Strong citizen response at first of two Parks Commission meetings on St. Ed’s

Although no finalized proposals have been presented to the Washington State Parks Commission detailing possible development by Daniels Real Estate to restore a seminary at Saint Edward State Park, battle lines are being drawn between those in favor of development and those opposing it.

St. Edward Seminary was built in 1930.

Although no finalized proposals have been presented to the Washington State Parks Commission detailing possible development by Daniels Real Estate to restore a seminary at Saint Edward State Park, battle lines are being drawn between those in favor of development and those opposing it.

Tensions ran high at a Parks and Recreation Commission meeting at Edmonds Community College Jan. 28, where dozens of people came to voice their opinions on the seminary rehabilitation.

“Change. People don’t like it, it’s very uncomfortable,” said Kenmore business owner Carl Michelman, addressing the Commission. “We’re reactive, we’re never proactive.”

And so the dialogues went, as both sides made their cases to either preserve or restore the seminary.

“I urge you to do this, this is the best opportunity we could have,” Michelman said.

The 85-year-old seminary was built to train priests, but was sold to the state in 1977 and turned into Saint Edward State Park.

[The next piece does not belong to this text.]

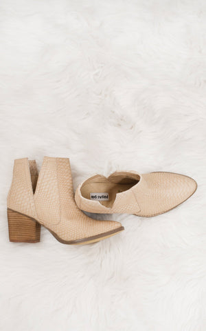 Our Tarim bootie has been a favorite time and time again! We now feature it in faux snakelike black upper with a blonde heel.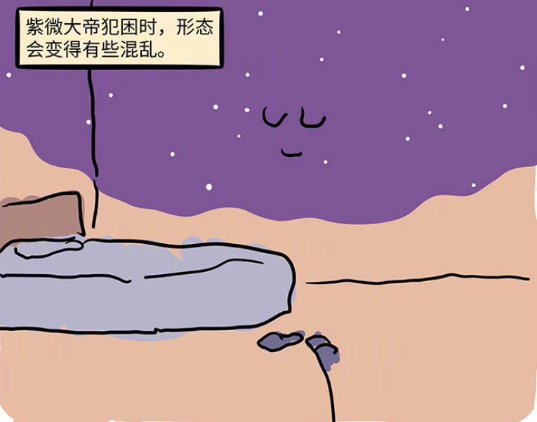 紫薇大帝就不一樣了,他犯困的時候,形態容易變得十分混亂。這不紫薇大帝連人形都維持不了,更別說睡在牀上了,整個人都變成一片星河,依附在牆壁之上。就連一汪空氣大大,都打破了次元壁,也犯困了,第八幅畫面都變得混亂了,內容都沒了,不得不說,一汪空氣大大這可真的做到了工作偷懶,還找不到反駁的理由。

Since then, the building has continually deteriorated, with certain portions maintained to facilitate events, and for a time housed the park’s rangers.

Heating and lighting the building costs the state around $100,000, and as State Parks continues to feel a post-recession budget crunch, they began looking at new ways to generate revenue and preserve the seminary, which is listed on the National Register of Historic Places.

Repairs to bring the building up to code have been estimated to cost as much as $50 million.

“Stabilizing that building is going to cost a lot of money we don’t have, tearing it down is going to cost even more,” Commissioner Rodger Schmidt said.

Kevin Daniels owns Daniels Real Estate, and stated his interest last year in restoring the building and turning it into a publicly accessible lodge, similar to those found at Yellowstone or Rainier National Parks.

A deadline for submissions was extended to September of this year, to allow Daniels to submit a fleshed-out proposal on what he would do with the building.

In doing so, a land swap was proposed, whereby the state would trade around five acres, which the seminary sits on, for nearly 10 acres of undeveloped land on along the parks northern boundary.

But this proposal has rubbed many people the wrong way, especially many neighbors of the park and environmental activists.

David Stokes, an ecologist at the University of Washington Bothell, said the park’s most valuable resource was the natural environment. The high attendance rates, he said, showed people came not for the seminary, but for the well-preserved forestland and grounds.

In separate phone interviews, concerned citizens also voiced their concerns.

“We want to protect that legacy for our kids, we don’t want to give away our public park and turn it into a private hotel just to enrich the privileged,” said Kenmore resident Joe Marshall. “The land’s gotta remain public, the buildings must remain dedicated to park use or nonprofit use.”

Either partially restoring the building for public use, he said, or letting the building continue to deteriorate and stand as an open air monument would be ideal.

This idea doesn’t sit well with Kenmore Mayor David Baker.

“I would hate to see that building fall down,” he said. “I think it’s an historic building, it is a national landmark, and I’d like to see it preserved.”

Though he said he would need to see the Daniels’ proposal before coming to a decision, a feeling Kenmore resident Anita Merrill shared at the meeting.

“I am concerned that we are talking about the property exchange issues like putting the cart before the horse,” she said.

Bastyr University, which is also located in Saint Edward State Park, supports the Daniels bid.

“We’ll all be better off to preserve this historic landmark than to demolish it, or wall it up behind a fence,” university Chief of Staff Coquina Deger said at the Jan. 28 meeting. “Every interaction we had with (Daniels) and his staff was of the utmost quality.”

A State Parks meeting will be held on Feb. 9 at Kenmore City Hall, where Daniels Real Estate will discuss the land exchange and design proposal, as well as provide an opportunity for a public hearing.